■ **EXERCISE BRIEF**
In your copy, repeat the records exactly and leave out the pictures.
== Segment start ==
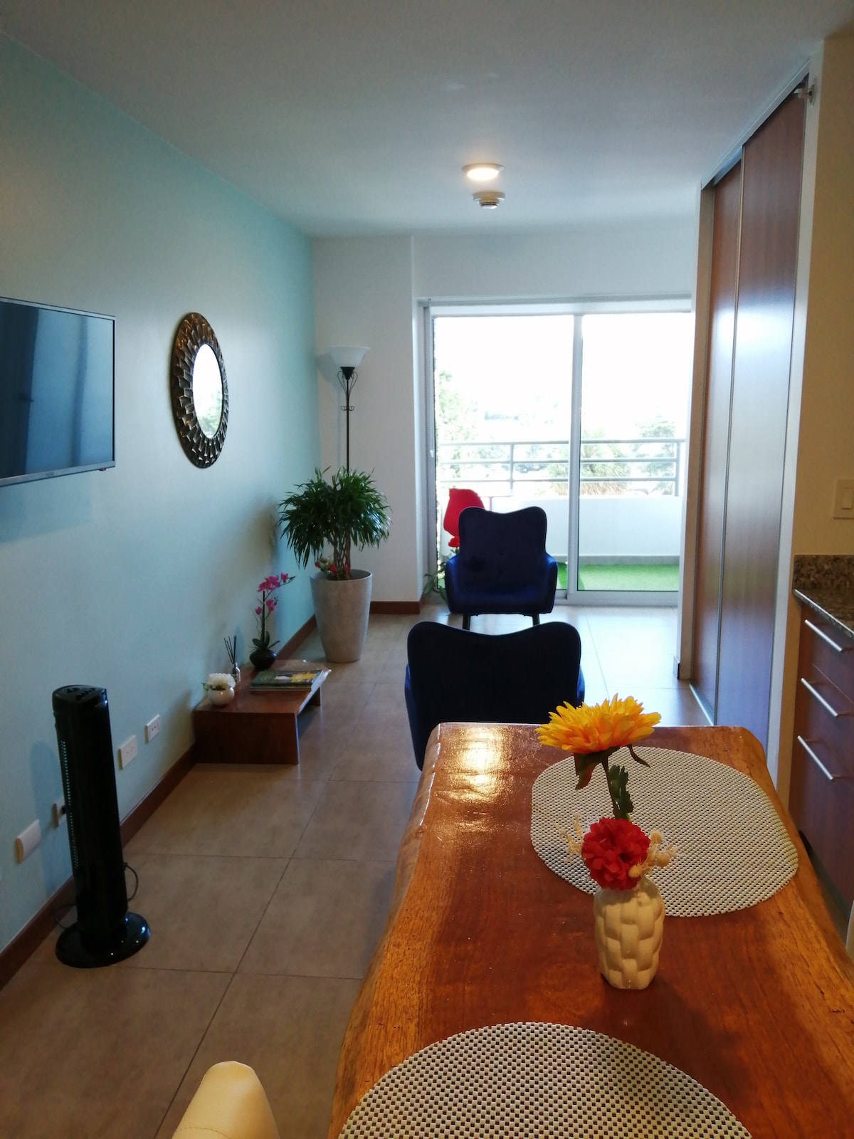 Brand new fancy and equipped apartment in 10th floor. Located just a few minutes from Juan Santamaria Airport, in "Cosmopolitan Tower", the best apartment tower of the area. Located in a safe and exclusive neighborhood surrounded by restaurants, bars, shopping, grocery store, hospitals, lovely parks, etc.. for all your necessities. It has amenities like co-working area, swimming pool, sauna, gym, bbq area, concierge 24/7. Come and enjoy of the perfect place whether to relax, work or both.
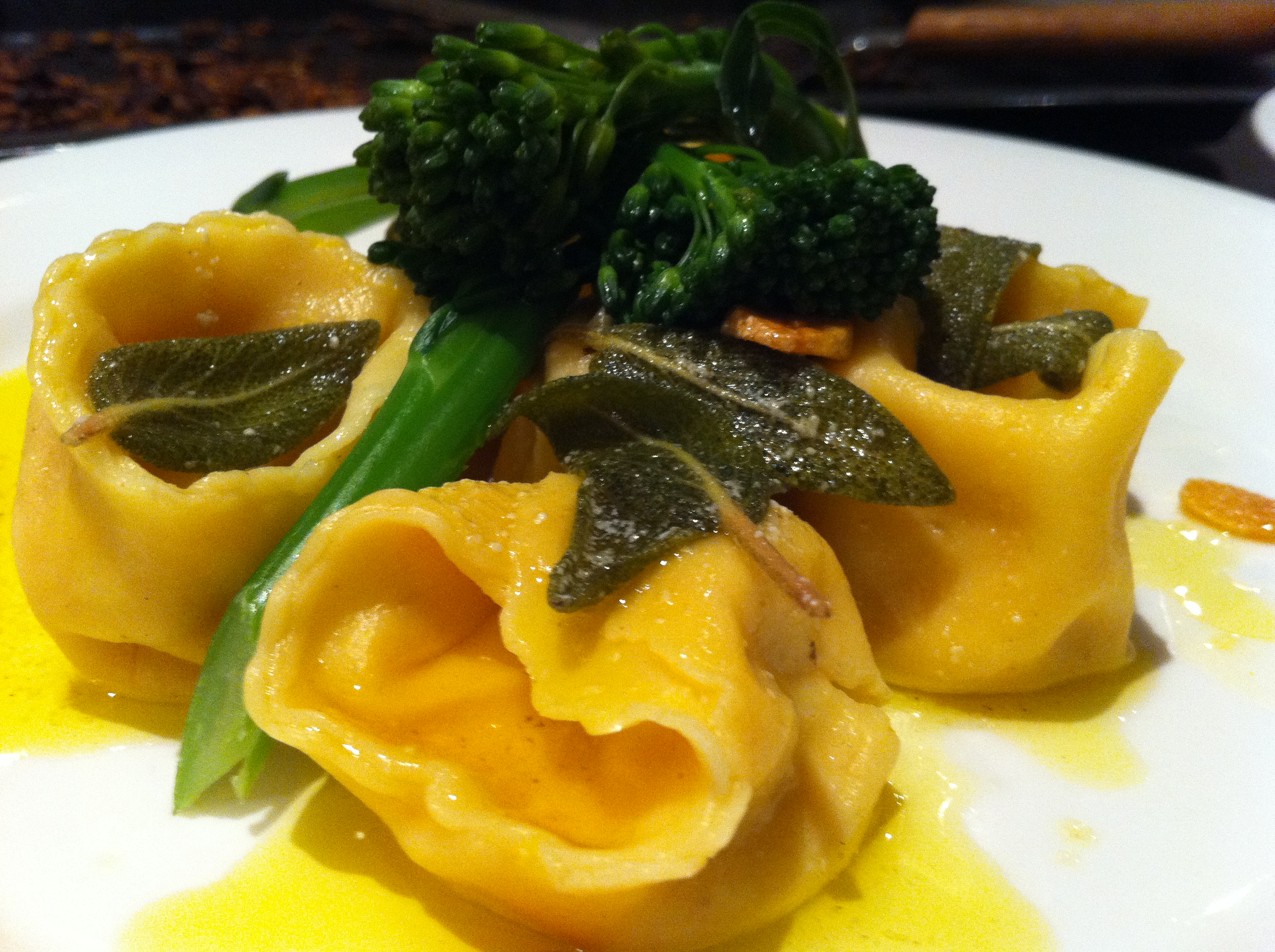 - Once tortellini is cooked spoon onto pre-warmed plates, add a spash of sauce, place broccolini on top and spoon over more sauce, making sure there’s plenty of sage leaves on each serving. Sprinkle with garlic chips.
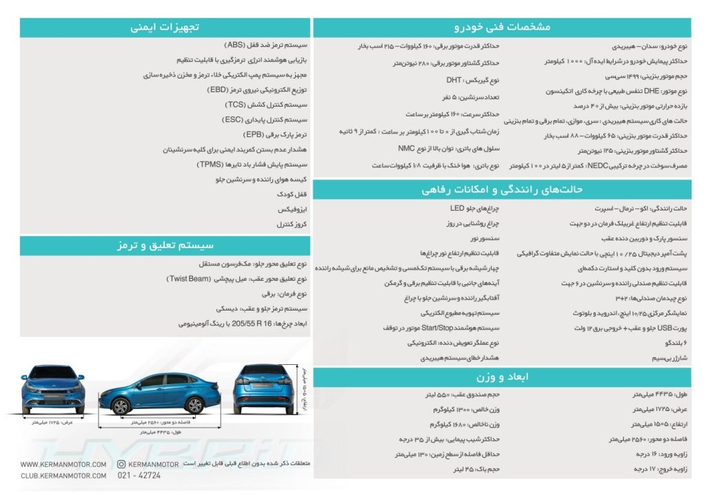 همچنین سدان هیبرید ملی کرمان موتور با این مشخصات فنی، 280 نیوتن متر گشتاور را تولید میکند.
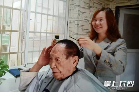 去年12月,袁隆平在海南时生病,住进了医院。病床上,他想剪头发,时常念叨:“小曹怎么还不来咯?”听说了这一情况,曹小平在长沙坐不住了。她关了店门,带上理发工具,乘飞机赶到三亚。
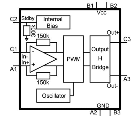 - Output power: 2.3 W @5 V or 0.75 W @ 3.0 V into 4 Ω with 1 % THD+N max.
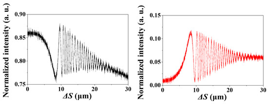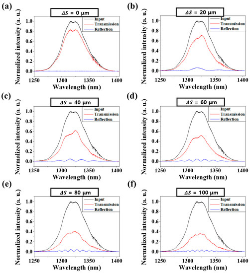 Figure 4 shows measurement results of interference fringes depending on ΔS for both reflection and transmission spectra. The interference pattern is dependent on the increment of the interval ΔS. The conventional wavelength-domain interrogation method measures interferograms to measure changes in ΔS due to the external environment.
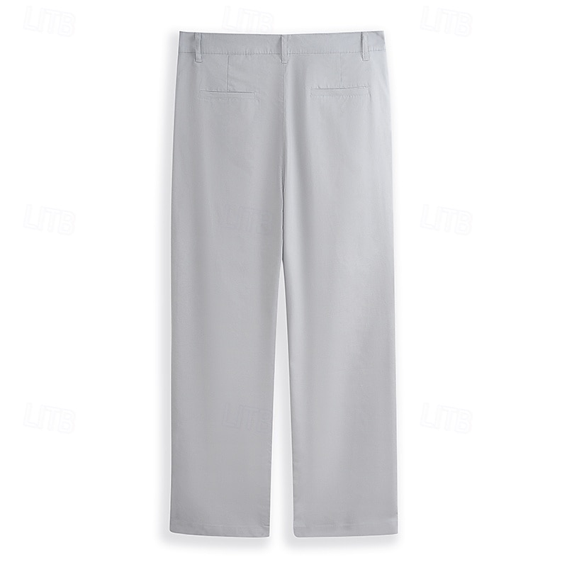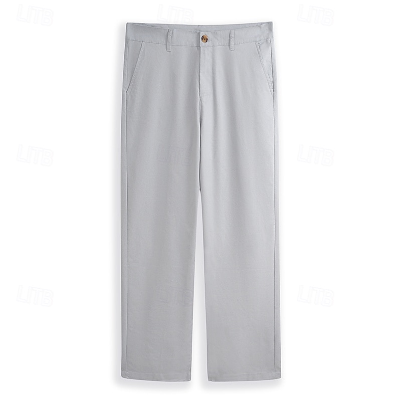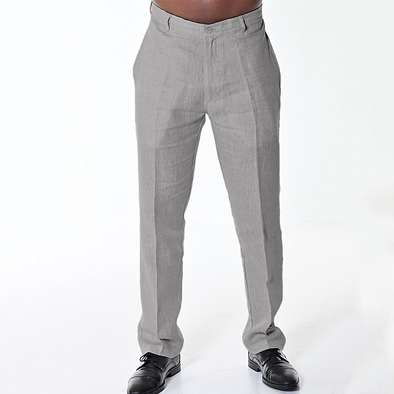 Highlights [Fabric] Crafted from a premium linen cotton blend, these men's trousers are lightweight and breathable, making them perfect for warm weather wear. The fabric's natural texture offers a relaxed yet sophisticated appeal. [Fit] These trousers boast a regular fit with a straight-leg design, providing a classic and versatile look suitable for a range of occasions, from formal events to casual outings. [Design Highlights] Featuring a standard button and zipper closure, along with functional belt loops, these pants offer both practicality and style. The plain pattern lends a clean, timeless aesthetic, while the mid-waist design ensures comfort and ease of movement. [Occasions] Ideal for daily wear, outdoor activities, and streetwear fashion, these trousers blend comfort and style, making them perfect for dressing up or down as needed. Whether you're attending a beach gathering or navigating city streets, these pants are a go-to choice. [Size Range] Available in a comprehensive size range from S to 3XL, these trousers cater to a variety of body types, ensuring a comfortable and flattering fit for everyone.
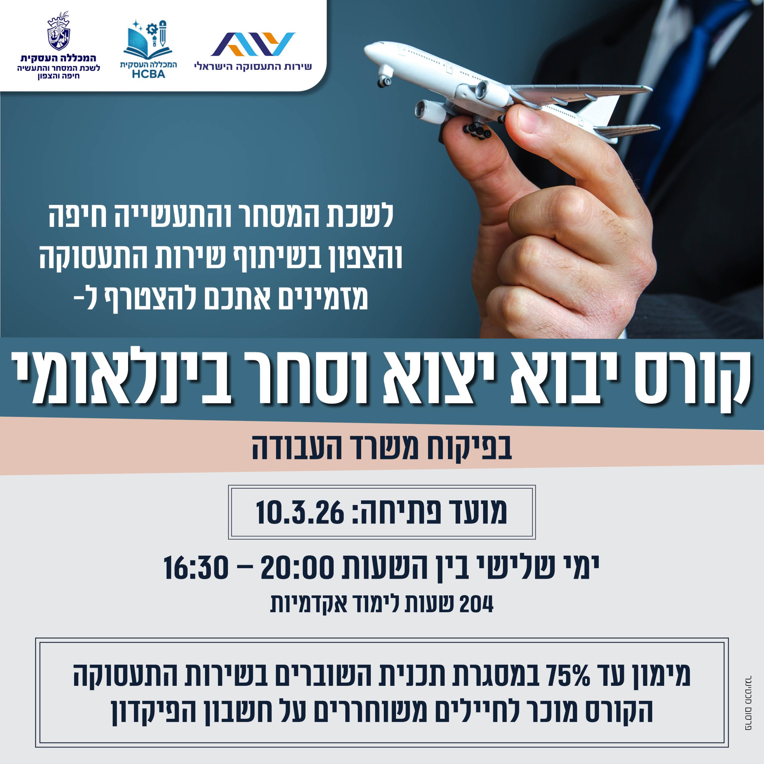 המכללה העסקית של לשכת המסחר והתעשיה חיפה והצפון שמחה להודיע על פתיחת קורס יבוא יצוא וסחר בינלאומי בפיקוח משרד העבודה.
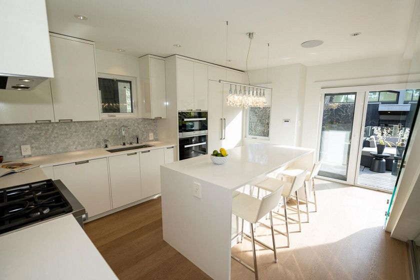 Rebuilt to the studs in 2006, and loaded with contemporary updates, this spectacular home is ideal for modern family living! Brilliantly redesigned with meticulous attention to detail, it features generous living areas, sleek built-ins and top of the line finishes throughout. A striking glass stairway divides the family room and chef’s kitchen, and French doors open to an expansive deck and beautifully landscaped sunlit yard. Lower level with gym, kitchenette & TV area is easily converted to a suite. The steel-framed laneway house is an architectural gem, with Eclipse doors opening to the sunny yard that allow it to double as extra living space or income source. All this on a perfect tree lined street close to some of Vancouver’s best schools. OPEN HOUSE SATURDAY JULY 26, 2 - 4PM.
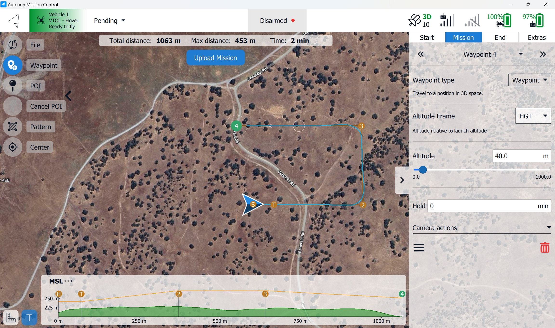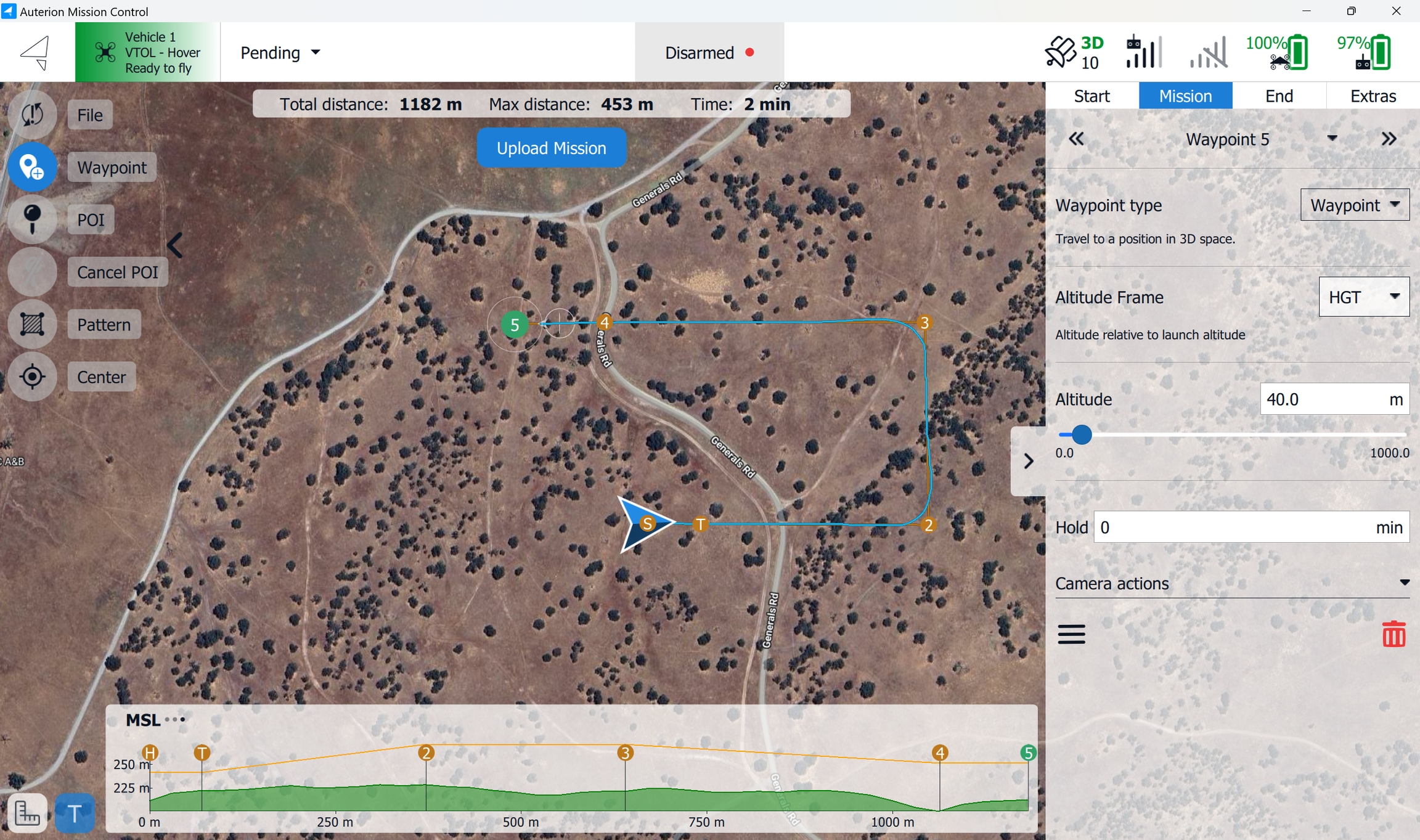 Waypoint 4 has an altitude of 40 meters. For improved precision, waypoints 3 and 5 can also be planned at the same altitude. This allows the vehicle to maintain a consistent altitude before and after the drop, aiding in the precision of the drop.
== Segment end ==
■ **SOLUTION**
 Brand new fancy and equipped apartment in 10th floor. Located just a few minutes from Juan Santamaria Airport, in "Cosmopolitan Tower", the best apartment tower of the area. Located in a safe and exclusive neighborhood surrounded by restaurants, bars, shopping, grocery store, hospitals, lovely parks, etc.. for all your necessities. It has amenities like co-working area, swimming pool, sauna, gym, bbq area, concierge 24/7. Come and enjoy of the perfect place whether to relax, work or both.
 - Once tortellini is cooked spoon onto pre-warmed plates, add a spash of sauce, place broccolini on top and spoon over more sauce, making sure there’s plenty of sage leaves on each serving. Sprinkle with garlic chips.
 همچنین سدان هیبرید ملی کرمان موتور با این مشخصات فنی، 280 نیوتن متر گشتاور را تولید میکند.
 去年12月,袁隆平在海南时生病,住进了医院。病床上,他想剪头发,时常念叨:“小曹怎么还不来咯?”听说了这一情况,曹小平在长沙坐不住了。她关了店门,带上理发工具,乘飞机赶到三亚。
 - Output power: 2.3 W @5 V or 0.75 W @ 3.0 V into 4 Ω with 1 % THD+N max.
 Figure 4 shows measurement results of interference fringes depending on ΔS for both reflection and transmission spectra. The interference pattern is dependent on the increment of the interval ΔS. The conventional wavelength-domain interrogation method measures interferograms to measure changes in ΔS due to the external environment.
 Highlights [Fabric] Crafted from a premium linen cotton blend, these men's trousers are lightweight and breathable, making them perfect for warm weather wear. The fabric's natural texture offers a relaxed yet sophisticated appeal. [Fit] These trousers boast a regular fit with a straight-leg design, providing a classic and versatile look suitable for a range of occasions, from formal events to casual outings. [Design Highlights] Featuring a standard button and zipper closure, along with functional belt loops, these pants offer both practicality and style. The plain pattern lends a clean, timeless aesthetic, while the mid-waist design ensures comfort and ease of movement. [Occasions] Ideal for daily wear, outdoor activities, and streetwear fashion, these trousers blend comfort and style, making them perfect for dressing up or down as needed. Whether you're attending a beach gathering or navigating city streets, these pants are a go-to choice. [Size Range] Available in a comprehensive size range from S to 3XL, these trousers cater to a variety of body types, ensuring a comfortable and flattering fit for everyone.
 המכללה העסקית של לשכת המסחר והתעשיה חיפה והצפון שמחה להודיע על פתיחת קורס יבוא יצוא וסחר בינלאומי בפיקוח משרד העבודה.
 Rebuilt to the studs in 2006, and loaded with contemporary updates, this spectacular home is ideal for modern family living! Brilliantly redesigned with meticulous attention to detail, it features generous living areas, sleek built-ins and top of the line finishes throughout. A striking glass stairway divides the family room and chef’s kitchen, and French doors open to an expansive deck and beautifully landscaped sunlit yard. Lower level with gym, kitchenette & TV area is easily converted to a suite. The steel-framed laneway house is an architectural gem, with Eclipse doors opening to the sunny yard that allow it to double as extra living space or income source. All this on a perfect tree lined street close to some of Vancouver’s best schools. OPEN HOUSE SATURDAY JULY 26, 2 - 4PM.
 Waypoint 4 has an altitude of 40 meters. For improved precision, waypoints 3 and 5 can also be planned at the same altitude. This allows the vehicle to maintain a consistent altitude before and after the drop, aiding in the precision of the drop.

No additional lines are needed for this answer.